« Aujourd'hui, le vrai défi consiste à construire une médecine de précision, capable d'offrir des thérapies de plus en plus ciblées, des médicaments personnalisés conçus pour le patient individuel, qui agissent sur les mécanismes biologiques sous-jacents à la maladie. C'est la direction indiquée par la science, et c'est notre tâche de le transformer en une perspective concrète des soins et du développement pour le pays ». Ainsi, Rosario Rizzuto, président du National Center for the Development of Genecical Therapies and Drugs in ARN et directeur du Département des sciences biomédicales de l'Université de Padoue, ouvrant les travaux du premier Congrès scientifique national du Centre aujourd'hui à Naples, prévu jusqu'à demain à la Federico II University.
Financé avec plus de 320 millions d'euros grâce au PNRR – Mission 4 Education and Research, le Centre a déjà mobilisé 70% des ressources disponibles, activant un réseau de collaborations impliquant des universités, des IRCC, des organismes de recherche, des sociétés de biotechnologie et des startups. 42% des fonds étaient destinés au sud, où une partie importante des activités de recherche, de formation et de transfert de technologie est concentrée. «Nous avons construit un écosystème vertueux – explique Rizzuto – qui produit de nouvelles connaissances, renforce la chaîne d'approvisionnement de santé et crée des opportunités pour les jeunes chercheurs et chercheurs, avec plus de 1 700 personnes impliquées, dont 700 nouvelles embauches (dont plus de 65%) et 170 doctorats actifs dans les diverses pôles du centre non seulement dans le sud, mais dans le cadre de l'entrepréneure dans le Terre Ici à Naples « . Une attention particulière a également été accordée à la formation, avec des initiatives ciblées telles que le programme de placement créé en collaboration avec la Fondation Emblem et la Pharmatech Academy Active dans le district de Scampia, qui a déjà formé 46 jeunes dans des secteurs hautement spécialisés.

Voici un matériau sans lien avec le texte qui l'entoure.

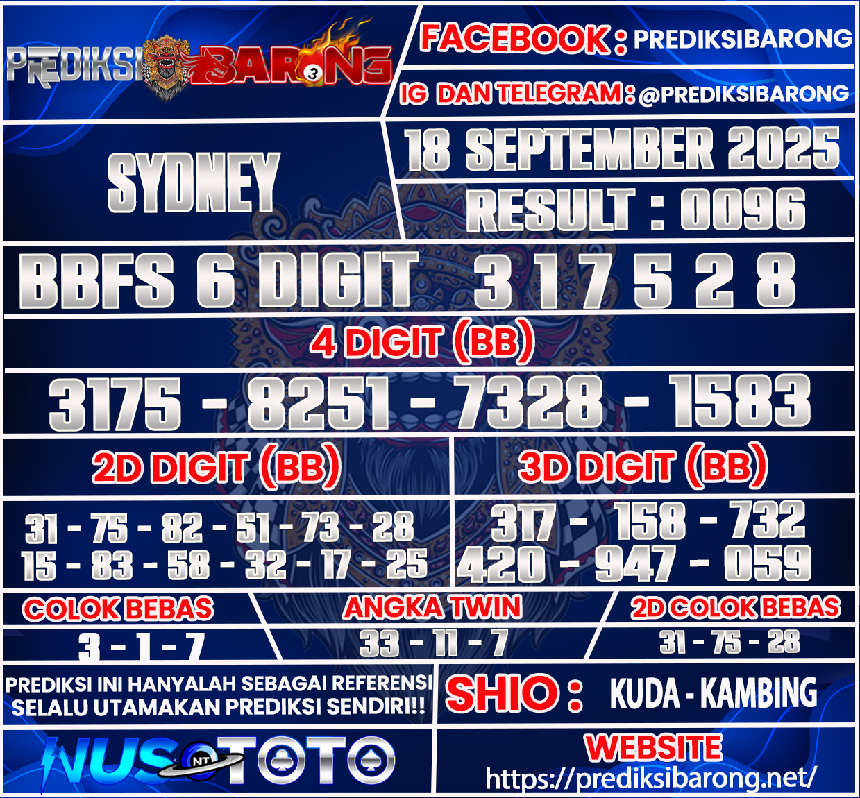 Selamat datang di Situs Prediksi Barong. Prediksi Barong merupakan situs prediksi angka togel yang berasal dari situs togel terpercaya dan teramanah yaitu NUSTOTO. Prediksi Barong sendiri sudah berdiri dari tahun 2018 hingga sekarang dan kualitasnya sudah di uji oleh para ahli paito dan pecinta togel resmi. Hari ini Prediksi Barong telah menyediakan Prediksi Sydney Kamis 18 September 2025 untuk anda semuanya.
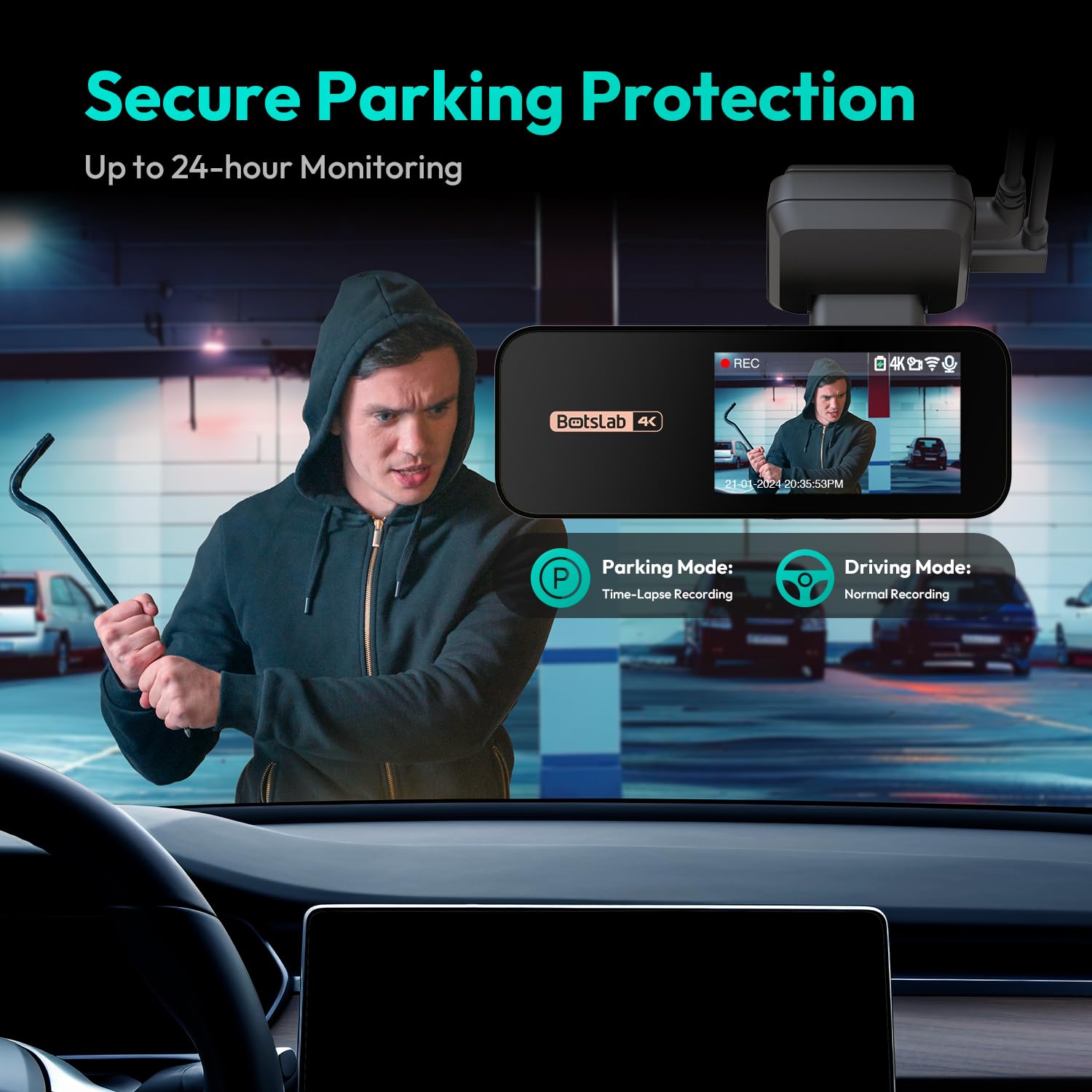 【Secure Parking Protection】Provides up to 24-hour monitoring with time-lapse recording or collision-triggered normal recording while parked, ensuring your car is always protected.

« Nos recherches génèrent des résultats importants – souligne Rizzuto – mais ce qui compte, c'est que ces progrès se traduisent immédiatement par des brevets, la naissance des startups, la protection de la propriété intellectuelle et la formation entrepreneuriale. Le but est de fermer le cercle: de la science aux soins, avec une voie entièrement développée en Italie ». Rizzuto a ensuite mis en évidence la valeur de la structure du consortium du centre, qui s'unit dans une seule direction de recherche et d'universités publiques, des institutions non directement contrôlées par le MUR et les entreprises privées. « Les centres nationaux – spécifient – en découlent également: créer un environnement dans lequel différentes compétences fonctionnent ensemble sur des projets communs, comparer quotidiennement, partager les connaissances et les visions. C'est ce qui rend possible un saut qualitatif dans la recherche et l'innovation ».